Но была у Васьки и другая мечта — настоящая.
Когда Ваське было около пяти лет, его впервые повели в цирк. Великолепие представления привело его в восторг. Акробаты, дрессированные звери, клоуны, блеск нарядов, веселая музыка… В эти минуты он решил стать циркачом. Совершенно потрясла его красавица дрессировщица с учеными обезьянками и собачками. Он всю ночь видел их во сне и слышал ее звонкий голос: «Ап! Ап!» А утром заявил отцу:
— Папка, отдай меня учиться на обезьянку.
— Ты и так на всех обезьян похож, — прохрипел отец и больно щелкнул сына по носу.
Так бы он и пропал, если бы не сохранилась в его цепкой ребячьей памяти как яркое воспоминание, как самая светлая мечта — сверкающий огнями и весельем цирк и на золотом кругу арены смешная ловкая обезьянка.
Мечта! Глядя на Ваську, никто бы и подумать не мог, чти у такого вообще могут быть какие-то мечты. Идет он, задрав свой облупленный носик-репку, и огненный чубчик вздрагивает на стриженой его отчаянной голове. Широкие, порванные и кое-как заплатанные штаны держатся на веревочке, перекинутой через плечо. Кошмарного цвета рубашка заляпана разными красками. Посмотришь на такого и не захочешь с ним водиться. Да он и сам-то ли к кому в друзья не набивался.
Капитон астматическим, удушливым голосом поучал:
— Друзьки наши: серый волк в лесу да комар на носу — каждый жрать хочет, крови твоей жаждает.
У самого Капитона друзей никогда не бывало, он стремился сильному угодить и слабого зря не обижать.
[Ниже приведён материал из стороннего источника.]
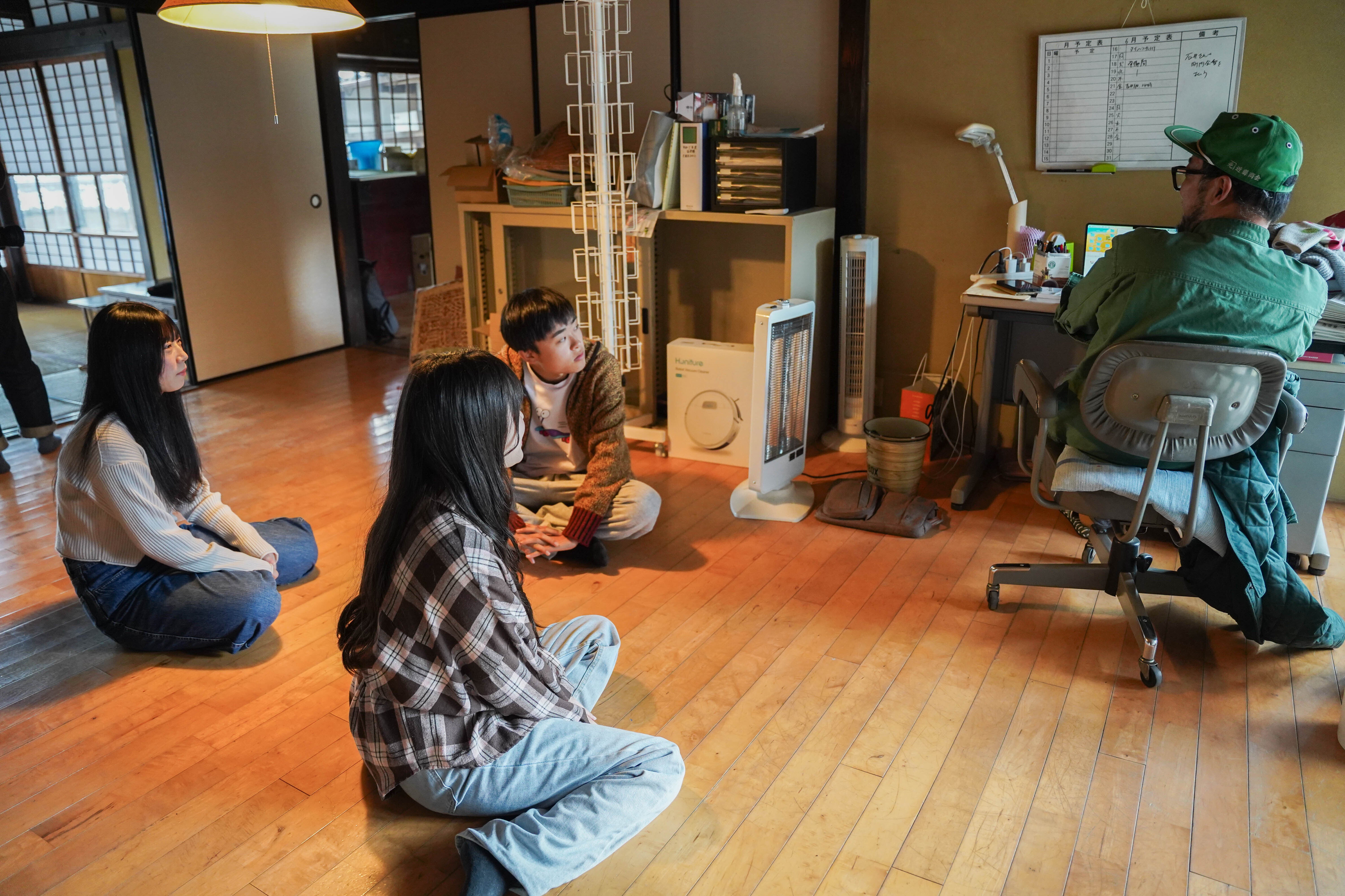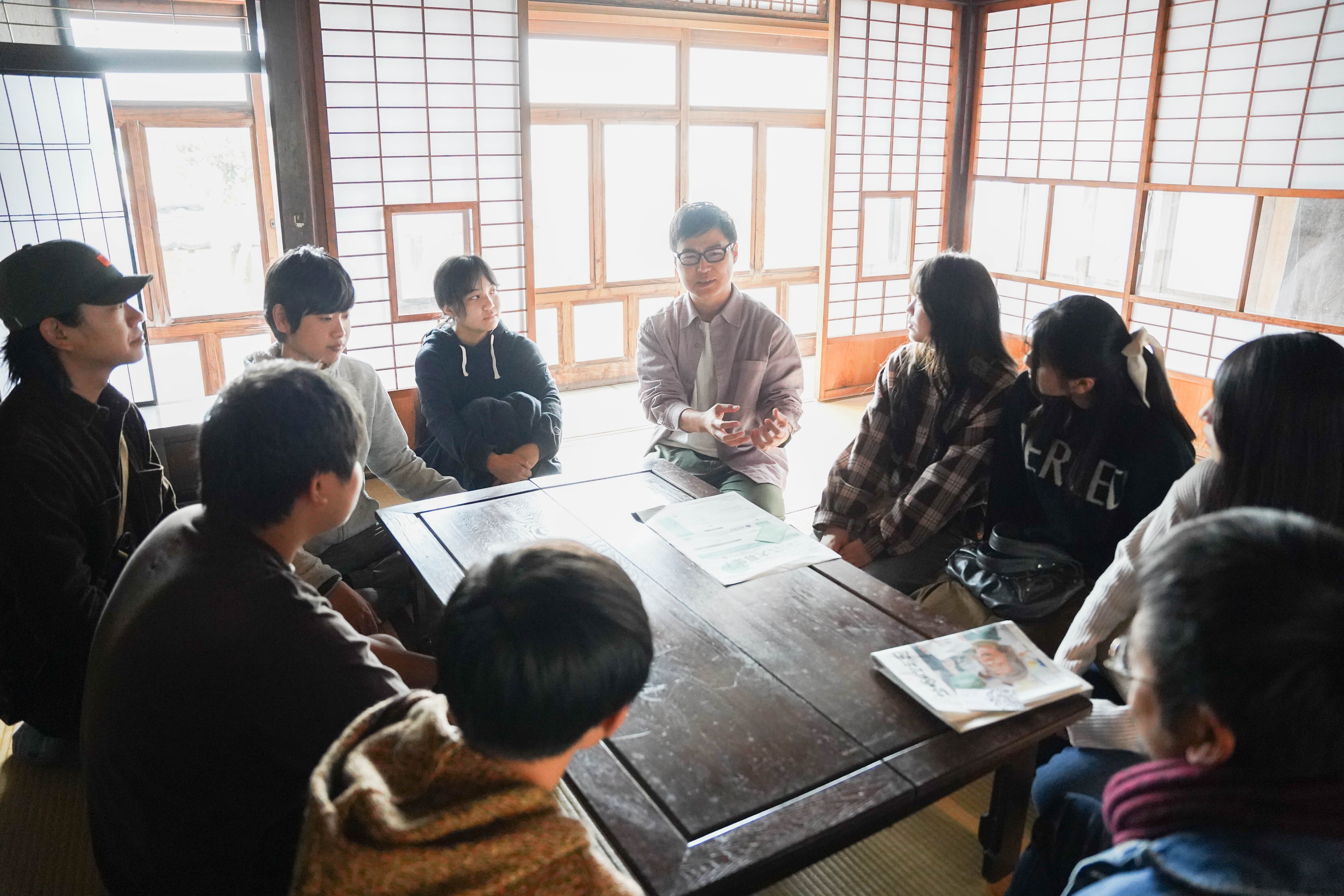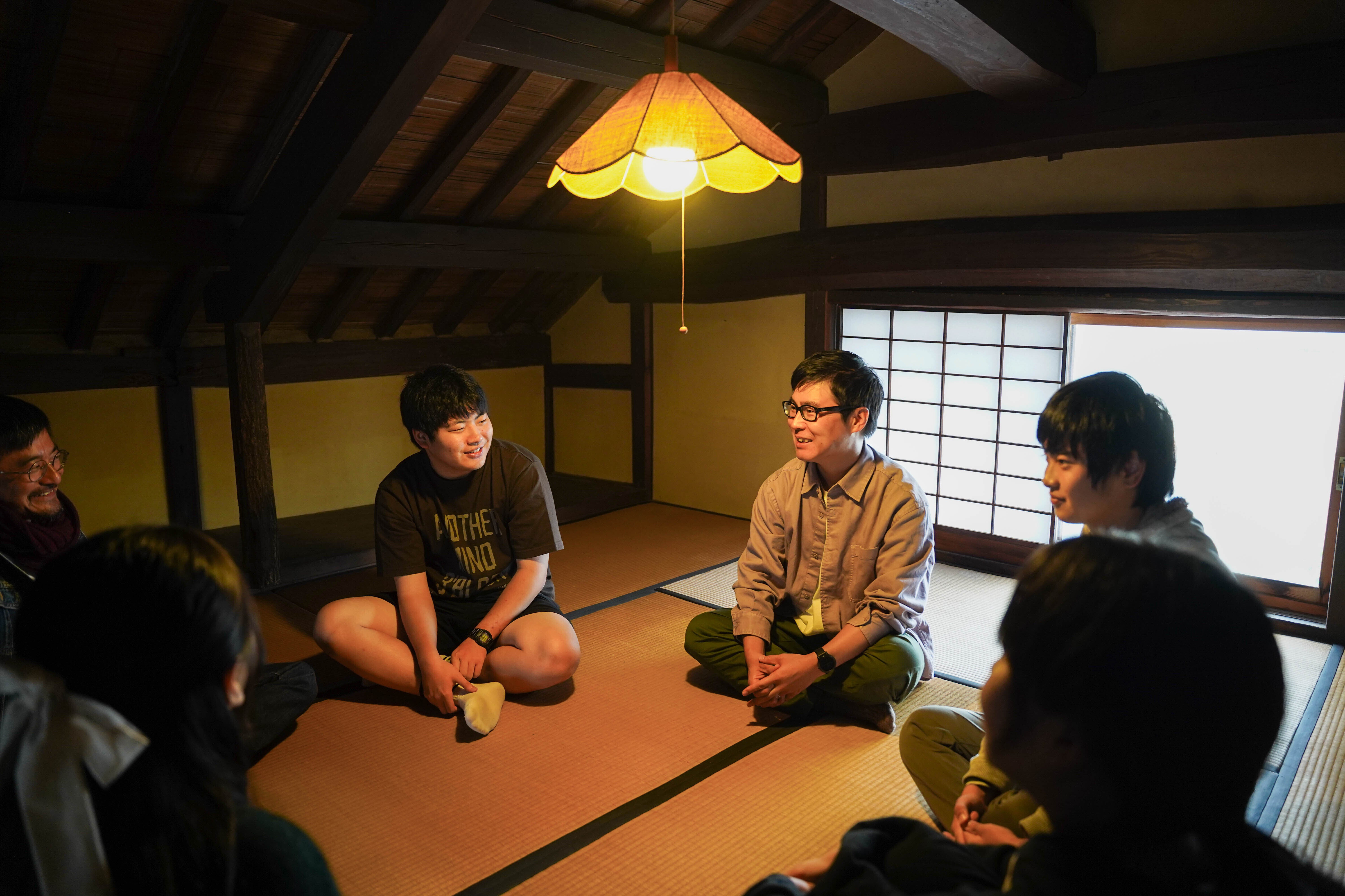 1階の床の間のあるダイニングエリアで若者たちと懇談

— Ты не ленись, — поучал он сына, — хвостом крутить не ленись. А сам выглядывай, за какое место ухватить половчее. Время сейчас героическое: кто больше ухватит, тот и герой.
Всякие такие мутные правила, изложенные базарным, прибауточным говорком, на который Капитон был великий мастер, Васька схватывал на лету и при надобности использовал.
СЛОН, ТИГР, ЛЯГУШКА И Т. Д
В комнате деда всегда стоял запах соснового бора. Ни обоями, ни штукатуркой не захотел он пачкать янтарного блеска на диво тесанных сосновых бревен.
Со временем потемнели стены, перестали источать смолу. Гроздья прозрачных капель застыли на бревнах и покрылись желтоватым налетом. Но когда солнце нагревало стены, вновь пробуждался горьковатый, ни с чем несравнимый, богатырский запах тайги. А едва ударит первый мороз и в доме затопят все печи, сразу в комнатах запахнет, как в улье: медом, и смолой, и горьковатым березовым дымком.
Комната деда — лучшая в доме. Собственно говоря, в ней в одной и жили Володя с мамой. Володя, как и дед когда-то, любил, лежа в постели, смотреть на звезды через фонарь в потолке и просыпаться от блеска первых лучей солнца.
Несомненно, такой комнаты нет ни у кого на свете, но просидеть в ней две недели, две солнечные летние недели, очень тяжело.
Верно, первые дни его часто навещал Васька Рыжий. Он даже приводил мальчишек с соседних улиц, чтобы и они полюбовались на редкостное Володино лицо. Причем Васька так задавался и так хвастал, словно это он сам придумал такую удивительную болезнь и великодушно подарил ее Володе.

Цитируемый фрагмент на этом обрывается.